Streaming RNNs in TensorFlow

The Machine Learning team at Mozilla Research continues to work on an automatic speech recognition engine as part of Project DeepSpeech, which aims to make speech technologies and trained models openly available to developers. We’re hard at work improving performance and ease-of-use for our open source speech-to-text engine. The upcoming 0.2 release will include a much-requested feature: the ability to do speech recognition live, as the audio is being recorded. This blog post describes how we changed the STT engine’s architecture to allow for this, achieving real-time transcription performance. Soon, you’ll be able to transcribe audio at least as fast as it’s coming in.

When applying neural networks to sequential data like audio or text, it’s important to capture patterns that emerge over time. Recurrent neural networks (RNNs) are neural networks that “remember” — they take as input not just the next element in the data, but also a state that evolves over time, and use this state to capture time-dependent patterns. Sometimes, you may want to capture patterns that depend on future data as well. One of the ways to solve this is by using two RNNs, one that goes forward in time and one that goes backward, starting from the last element in the data and going to the first element. You can learn more about RNNs (and about the specific type of RNN used in DeepSpeech) in this article by Chris Olah.

Using a bidirectional RNN

The current release of DeepSpeech (previously covered on Hacks) uses a bidirectional RNN implemented with TensorFlow, which means it needs to have the entire input available before it can begin to do any useful work. One way to improve this situation is by implementing a streaming model: Do the work in chunks, as the data is arriving, so when the end of the input is reached, the model is already working on it and can give you results more quickly. You could also try to look at partial results midway through the input.

This animation shows how the data flows through the network. Data flows from the audio input to feature computation, through three fully connected layers. Then it goes through a bidirectional RNN layer, and finally through a final fully connected layer, where a prediction is made for a single time step.

This animation shows how the data flows through the network. Data flows from the audio input to feature computation, through three fully connected layers. Then it goes through a bidirectional RNN layer, and finally through a final fully connected layer, where a prediction is made for a single time step.

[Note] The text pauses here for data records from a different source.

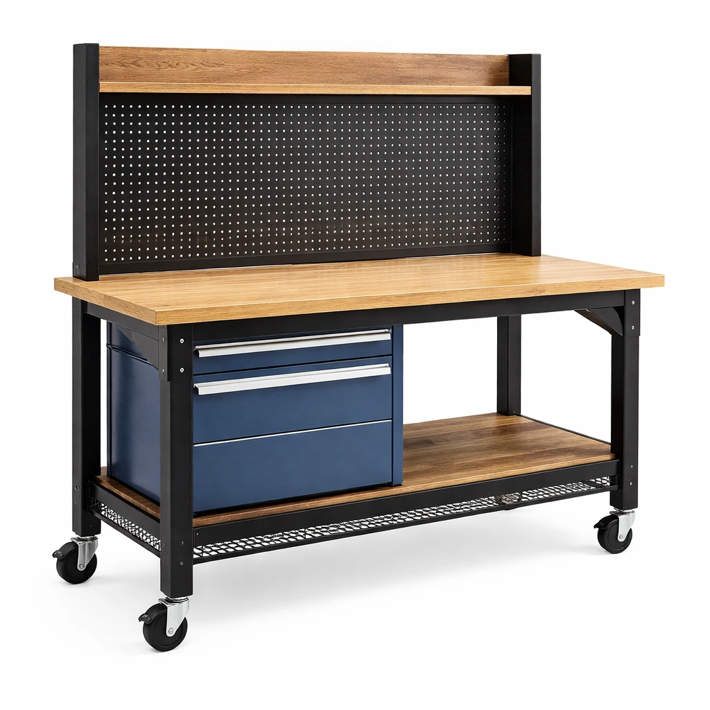 Funcionalidad: Incluye cajones de metal y ruedas para movilidad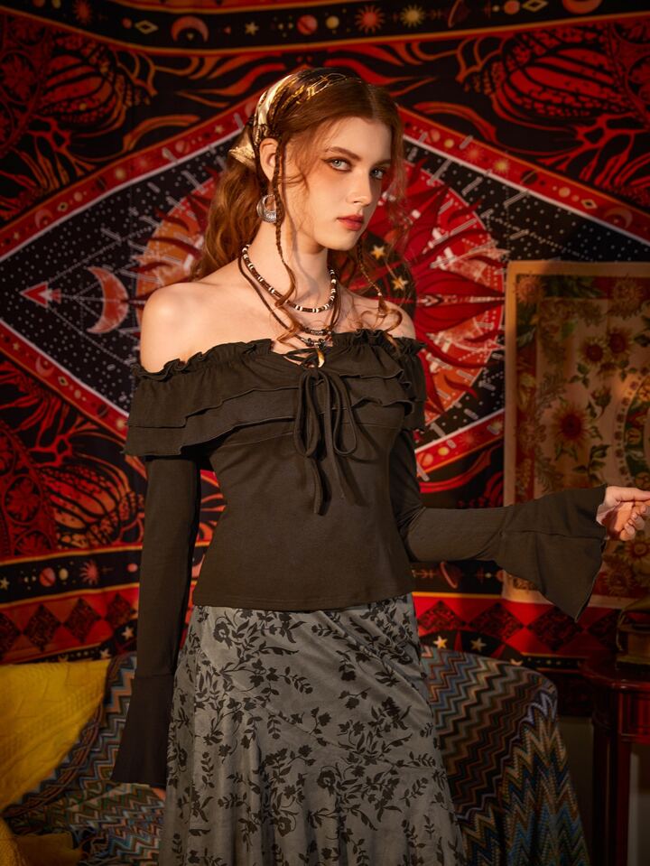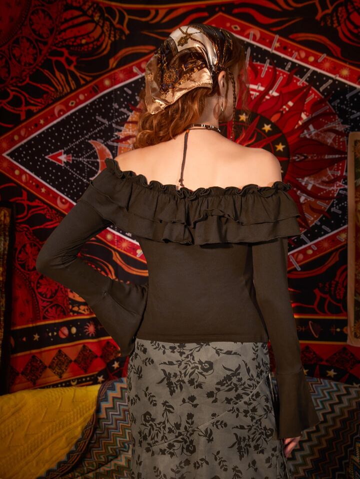 T-shirt col bardot à plis manches évasées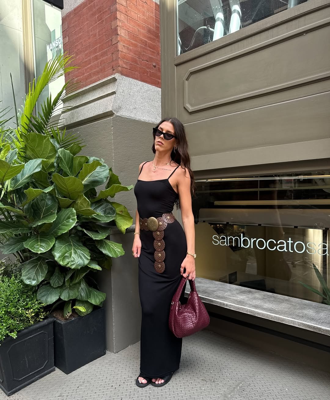This long black dress feels sleek and sculptural — almost statuesque — especially with that beautifully detailed belt cinching the waist. It’s simple at first glance, but look closer and you notice the quiet drama: the minimal straps, the fitted silhouette, the deep burgundy bag adding mood.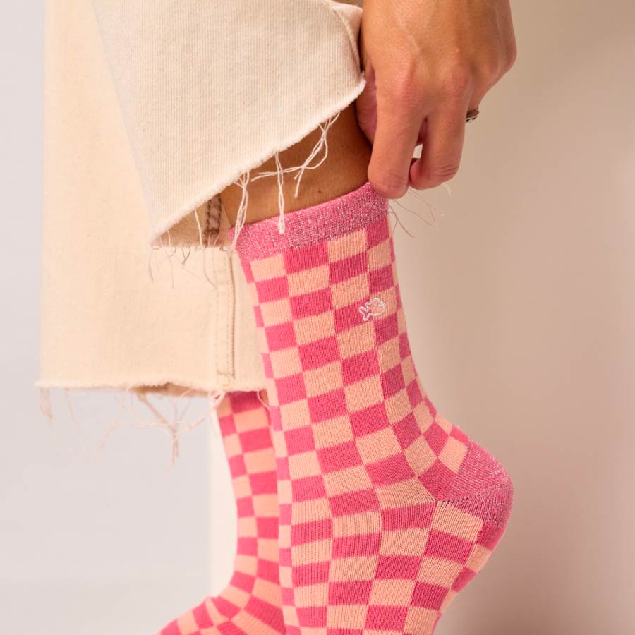 Chaussettes à carreaux saumon et rose

In order to do this, you need to have a model that lets you do the work in chunks. Here’s the diagram of the current model, showing how data flows through it.

As you can see, on the bidirectional RNN layer, the data for the very last step is required for the computation of the second-to-last step, which is required for the computation of the third-to-last step, and so on. These are the red arrows in the diagram that go from right to left.

We could implement partial streaming in this model by doing the computation up to layer three as the data is fed in. The problem with this approach is that it wouldn’t gain us much in terms of latency: Layers four and five are responsible for almost half of the computational cost of the model.

Using a unidirectional RNN for streaming

Instead, we can replace the bidirectional layer with a unidirectional layer, which does not have a dependency on future time steps. That lets us do the computation all the way to the final layer as soon as we have enough audio input.

With a unidirectional model, instead of feeding the entire input in at once and getting the entire output, you can feed the input piecewise. Meaning, you can input 100ms of audio at a time, get those outputs right away, and save the final state so you can use it as the initial state for the next 100ms of audio.

An alternative architecture that uses a unidirectional RNN in which each time step only depends on the input at that time and the state from the previous step.

An alternative architecture that uses a unidirectional RNN in which each time step only depends on the input at that time and the state from the previous step.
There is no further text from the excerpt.